> What to work on:
Report, as a bare number, how many lines of the material below contain the word "sede".

> Supplied data:

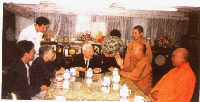
1999年5月27日，正在澳门访问的赵朴初会长与澳门佛教总会初慧、健钊、心慧等法师亲切交谈
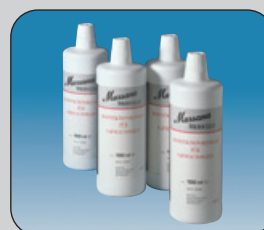
Mikroclean 4 x 1 L 12 x 1 L
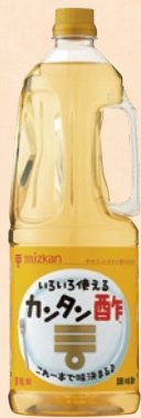
ミツカン カンタン酢™
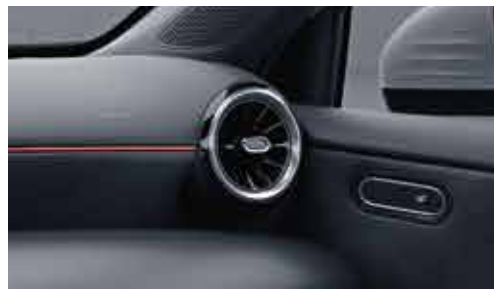
▲ Buses de ventilation avec cerclage chromé et insert rouge
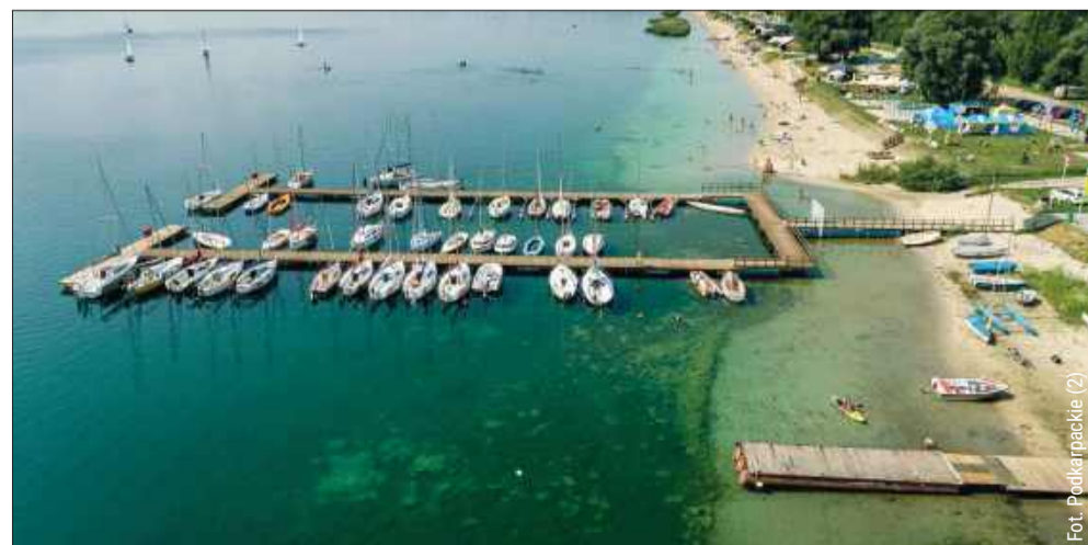
Jezioro Tarnobrzekskie nazywane jest „Podkarpackimi Malediwami”.

Dojazd i parkowanie – dojazd samochodem z Rzeszowa w 75 minut, z Kolbuszowej – 45 minut, opłatyienne i abonamenty zapewniają wygodny dostęp bez stresu.
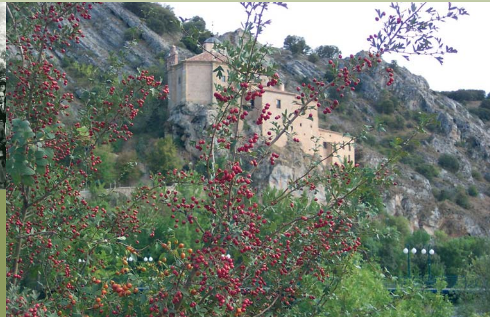
Ermita de San Saturio.
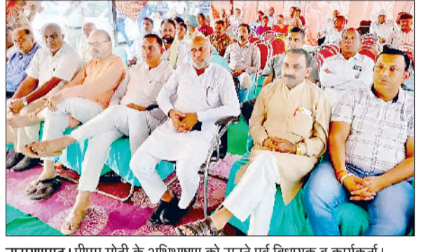
नारायणगढ़। पीएम मोदी के अभिभाषण को सुनते पूर्व विधायक व कार्यकर्ता।

प्रधानमंत्री नरेंद्र मोदी ने शनिवार को दिल्ली से प्रधानमंत्री धन-धान्य कृषि योजना और दलहन आत्मनिर्भरता मिशन का शुभारंभ किया। साथ ही कृषि अवसंरचना कोष, पशुपालन, मत्स्य पालन और खाद्य प्रसंस्करण क्षेत्र से जुड़ी 1100 से अधिक परिवर्णयोजनाओं का उद्घाटन एवं शिलान्यास किया। प्रधानमंत्री ने इस दौरान देश के विभिन्न क्षेत्रों में स्थित किसानों से संवाद किया और कहा कि कृषि
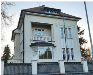
U Vorlíků 13 (12)
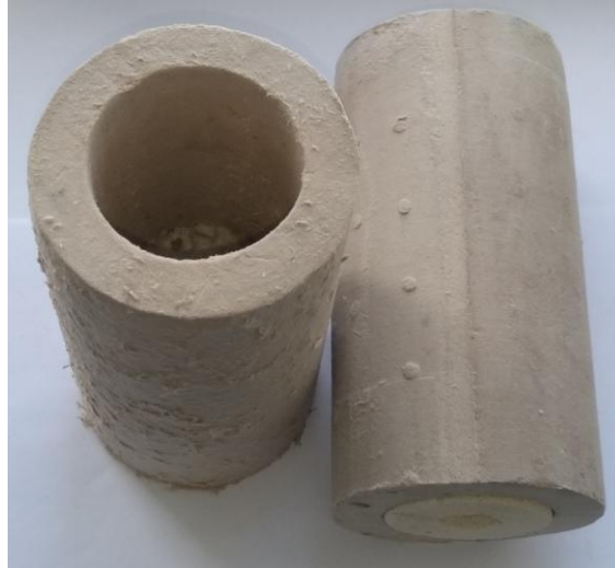
Рисунок 4 - Теплоизоляционная вставка.
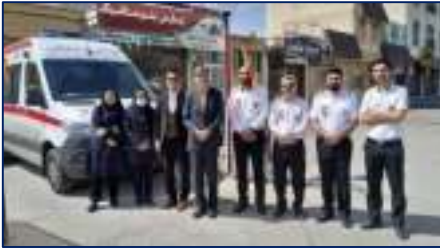
یازدید عیدانه رئیس دانشگاه از مراکز بهداشتی و پایگاه های اورژانس شهرستان های سرخه و سمنان ۱۴۰۲/۰۲/۰۳
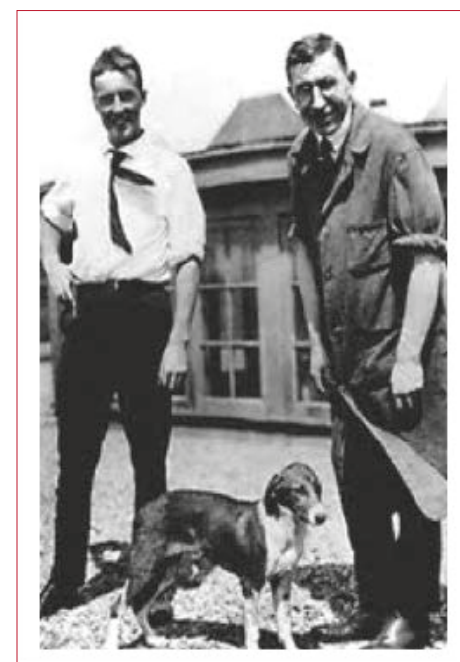
Les Drs Charles Best (à gauche) et Frederick Banting sont à l'origine de la découverte de l'insuline en 1922

Cette année 2016 est assez particulière dans la mesure où deux journées mondiales du diabète ont lieu. En effet, à l'occasion de la Journée mondiale de la Santé, le 7 avril der-
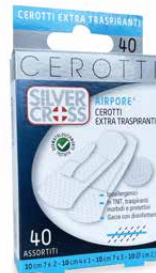
40 Cerotti Assortiti cm 7 x 2 - cm 4 x 1 cm 7 x 3 - Ø cm 2,5 €€ 0373
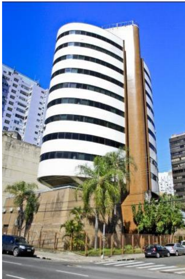
Figura 7: Nova sede do Previmpa.

O Previmpa finalizou uma etapa imprescindível em direção à ocupação da sua nova sede: entregou à Secretaria da Fazenda os projetos técnicos necessários para a abertura do processo de contratação do serviço de reforma predial das futuras instalações da autarquia.
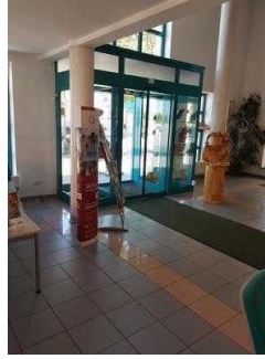
Weg vom Eingang zum Counter

> Task output:
2